Евгений Филенко - Эпицентр
— Я согласен. Все равно не знаю, что это такое.
— Могу я просить вас перейти в другую комнату?
Кратов в некоторой растерянности подчинился, оставив дверь открытой. Пол и стены гостиной зашевелились, заколыхались и с аппетитным чмоканьем принялись рождать низкие округлые кресла, приземистый многоугольный стол, пышный диван цвета морской волны…
— Послушайте, — сказал Кратов. — А нельзя ли мне сюда такой же лингвар, как у Григория Матвеевича… я имею в виду «Мегагениус Креатиф»? И заодно хороший, сообразительный когитр средней мощности?
— Лингвар, лингвар…, — забормотал Буратино. — Ах, лингвистический анализатор в гуманоидно-ориентированном исполнении! Есть небольшая сложность: необходимо снестить со сфазианской службой информации… Так что раньше утра мы, к нашему сожалению, не сможем вам помочь.
— Меня это вполне устроит, — удовлетворенно сказал Кратов.
— Тогда перейдите, пожалуйста, в гостиную, а мы займемся спальней.
В гостиной Кратов плюхнулся в кресло и с изумлением обнаружил возле подлокотника свой багаж — контейнер со всякой сентиментальной ерундой, личной библиотекой и любимыми костюмами для ношения в соответствующих погодных условиях и особо торжественных случаях.
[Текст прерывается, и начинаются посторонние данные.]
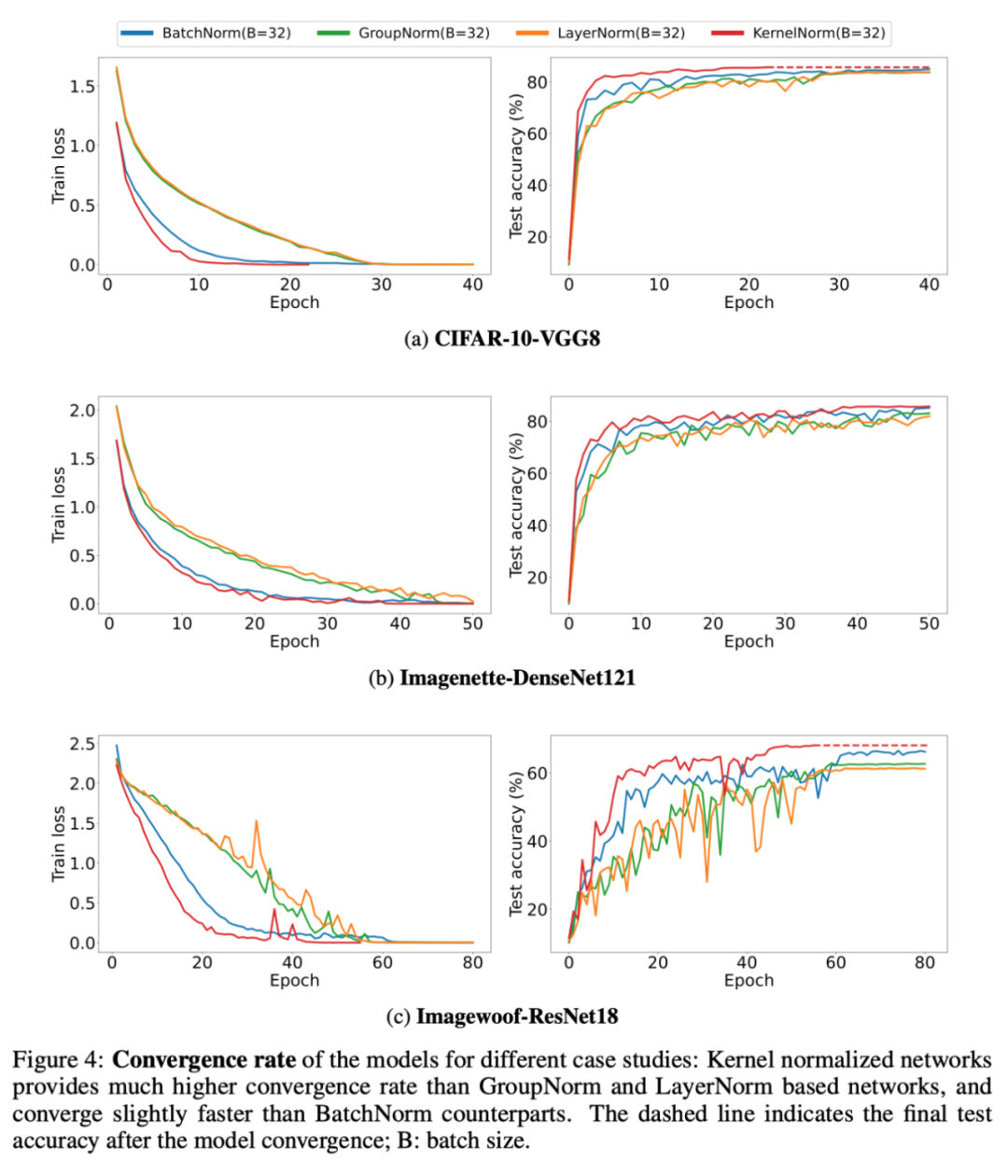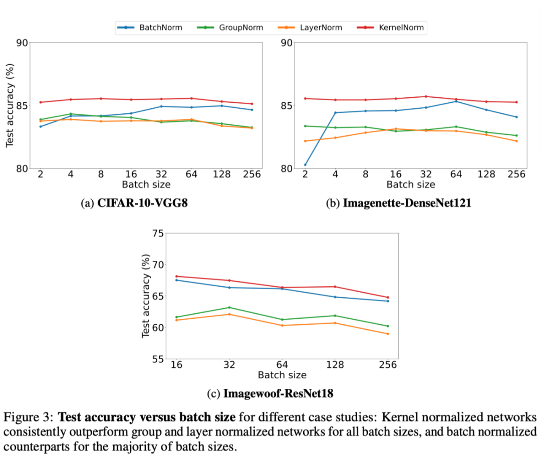 作者实现了与最先进的 CNN(如 ResNet 和DenseNet)相对应的 KNConvNets,同时放弃了 BatchNorm 层。通过大量实验,作者表明,KNConvNet 在准确性和收敛速度方面始终优于 BatchNorm,GroupNorm 和 LayerNorm,同时保持了有竞争力的计算效率。
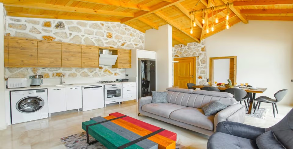 Mutfak : Villamızın geniş Amerikan mutfağı ile sizlere kendi evinizin mutfağı gibi hissettirecek. Ayrıca mutfakta klima, bulaşık makinası, buzdolabı, çamaşır makinası, mikrodalga fırın, tost makinası, ekmek kızartma, su ısıtıcısı, fırın, 4`lü ocak seti ve 6 kişilik geniş yemek masası ile tava tencere vb. mutfak araç gereçlerini kullanma fırsatını sizlere sunuyoruz.

Разбирать вещи он оставил на завтра, подозревая, что грядущий день по насыщенности событиями окажется сродни ушедшему. Единственное, в чем он не сумел себе отказать, так это извлечь томик старояпонской лирики, предусмотрительно помещенный на самом верху.
На пике горы, где находят приют
Белые облака,
Влачу дни свои.
Полным неожиданностей
Этот мир оказался…
— прочел Кратов наугад. И, как всегда, прочитанное было удивительно созвучно его настроению.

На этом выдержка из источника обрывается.